→ **Extracted entries**:
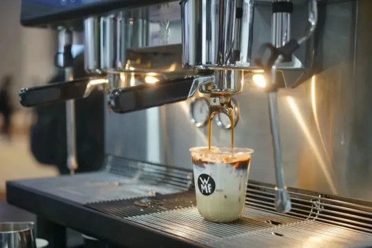 再倒入由WMF專業(yè)咖啡機出品的咖啡
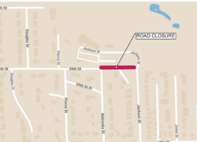 THE TIME FRAME FOR REPAIRS ON 39TH STREET BETWEEN JACKSON TO NEBRASKA STREETS HAS BEEN EXTENDED A WEEK.
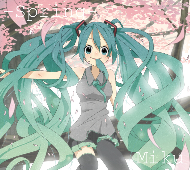1girlaqua eyesaqua haircherry blossomsfemale focusin treelong hairmouth holdnecktiesolothighhighstreetwintailsvery long hairzettai ryouiki
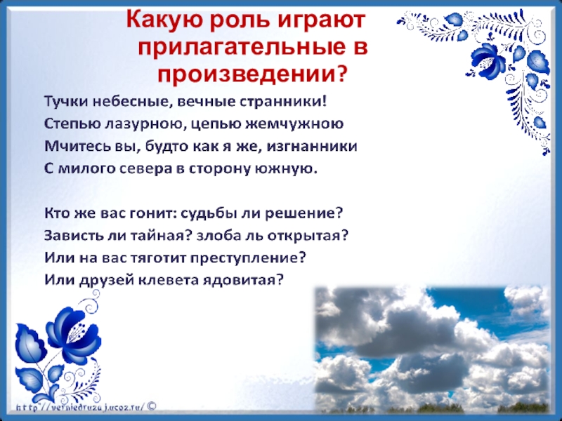 Слайд 29Какую роль играют прилагательные в произведении?
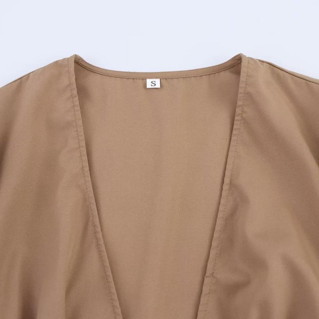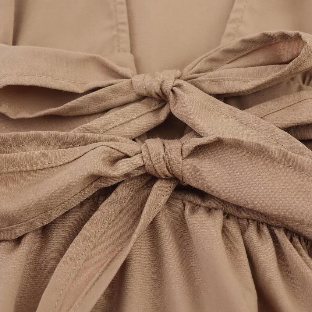 Летнее женское платье в европейском и американском ретро-стиле 2025 года с рукавами-фонариками, V-образным вырезом и украшением в виде банта
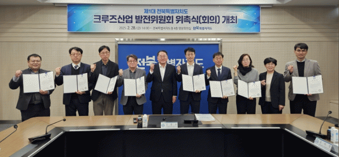 도는 28일 도청 영상회의실에서 ‘제1대 전북특별자치도 크루즈산업 발전위원회 위촉식’을 개최하고, 새만금과 부안을 중심으로 한 크루즈산업 활성화 및 크루즈선 유치 방안을 논의했다.
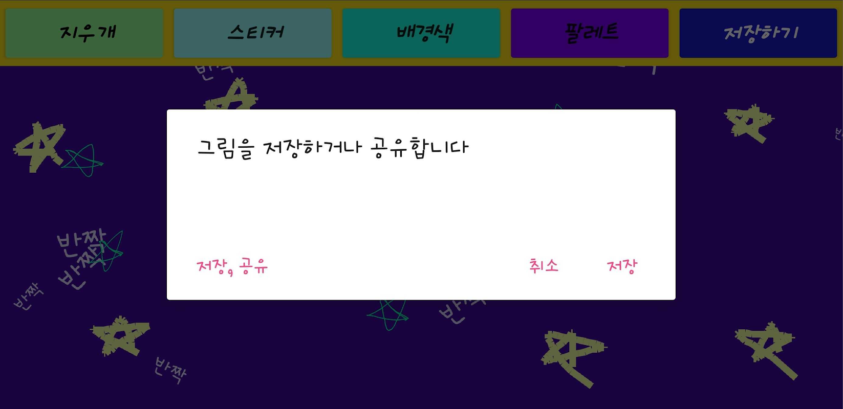 Idea Sketch में कुल 5 बटन होते हैं। इरेज़र बटन बैकग्राउंड और ग्रैफिटी को अलग-अलग मिटा सकता है। स्टिकर बटन आपको जितना चाहें विभिन्न आकृतियों के स्टिकर डालने की अनुमति देता है, और यदि आप टेक्स्ट इनपुट आइटम का चयन करते हैं, तो आप वांछित टेक्स्ट भी सम्मिलित कर सकते हैं। पृष्ठभूमि रंग बटन और पैलेट बटन आपको स्पेक्ट्रम का उपयोग करके आसानी से और आसानी से वांछित रंग का चयन करने की अनुमति देते हैं। सहेजें बटन आपको कैमरे का उपयोग करके एक तस्वीर लेने के लिए अपने स्मार्टफोन को सहेजने और साझा करने और हिलाने की अनुमति देता है।
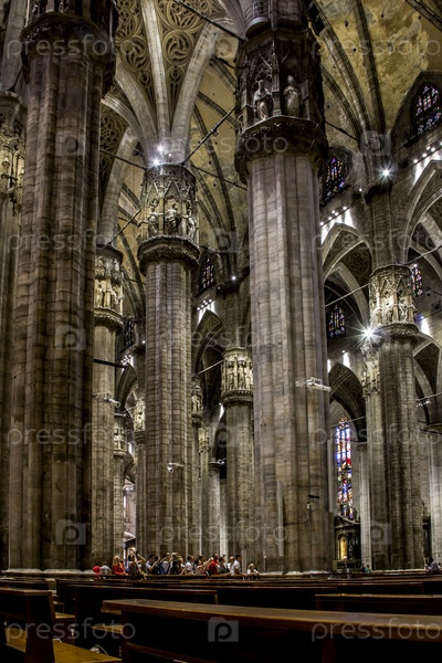 Милан, Италия - 18 августа 2015 г.: Внутри Миланского собора (Дуомо ди Милано). На строительство этого готического собора ушло почти шесть столетий. Является самой большой церковью в Италии и пятой по величине в мире

→ **Exercise objective**:
Range to print from the listing above: from the line with "1girlaqua eyesaqua haircherry" up to and including the line with "Летнее женское платье". Please print those lines exactly, with no pictures and nothing more.

→ **Exercise answer**:
1girlaqua eyesaqua haircherry blossomsfemale focusin treelong hairmouth holdnecktiesolothighhighstreetwintailsvery long hairzettai ryouiki
 Слайд 29Какую роль играют прилагательные в произведении?
 Летнее женское платье в европейском и американском ретро-стиле 2025 года с рукавами-фонариками, V-образным вырезом и украшением в виде банта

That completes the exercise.